My dad just got new hearing aids. They are very cool with the ability to change the sensitivity based on the situation. For example, in a restaurant there is one setting that will cut out low and high frequency noise and amplify the frequency range associated with human voice. There is another setting for a quiet room where all frequencies are amplified with equal volume. There are a few other settings and of course there’s the setting associated with not listening to me babble: the off button!

What the devices are doing is adjusting sound based on signal-to-noise raitos (S/N) with specific frequency management.
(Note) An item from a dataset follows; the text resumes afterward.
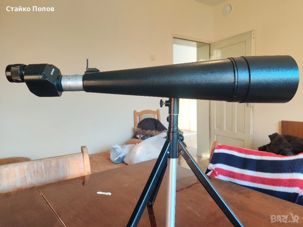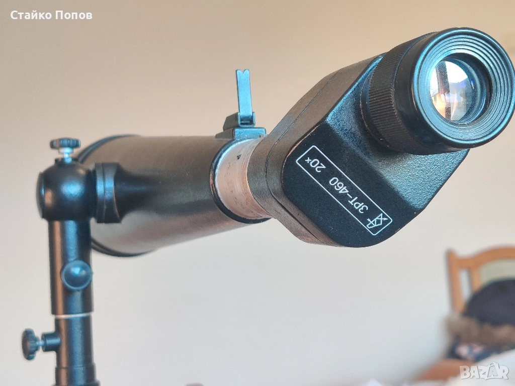 Оптична зрителна тръба СССР. Тръбата е сглобена от две съветски тръби оптиката и триногата е от зрт-457 а призмите и окуляра са от зрт-460 така се е получава голямо зрително поле и голям диаметър на обектива 76мм и перфектна картина с увеличение от 25 пъти. Картината е отлична с голямо зрително поле и фокусировка през окуляра.

The same issues apply to processing SIEM/log management information. There are times when the S/N ratio is low so the filters need to be tuned to clip the high frequency (nuisance events) and the low frequency (insignificant events) while focusing on the mid-range (events with a high probability of being significant). At other times – like sitting in a quiet room listening to classical music – the S/N ratio is high so the sensitivity can be turned down so that only events that pass a higher threshold are processed. The challenge comes when the environment doesn’t match the settings; for example, a noisy restaurant with a piano playing or a high frequency of events where the low frequency (one failed logon) might be significant.

Our brains (with functional ears) have the ability to dynamically adjust the gain control and adjust frequency sensitivity in real-time based on input from our other senses and our past experiences. The same capability is needed in SIEM/log management where rather than having a gain control setting with 3 positions, we need a continuous gain control where the filter can be adjusted based on the operators senses (knowledge of the architecture and environment) and his/her experiences. This is where IT Search can be used to better support SIEM/log management by pumping up the volume when needed, and only when needed.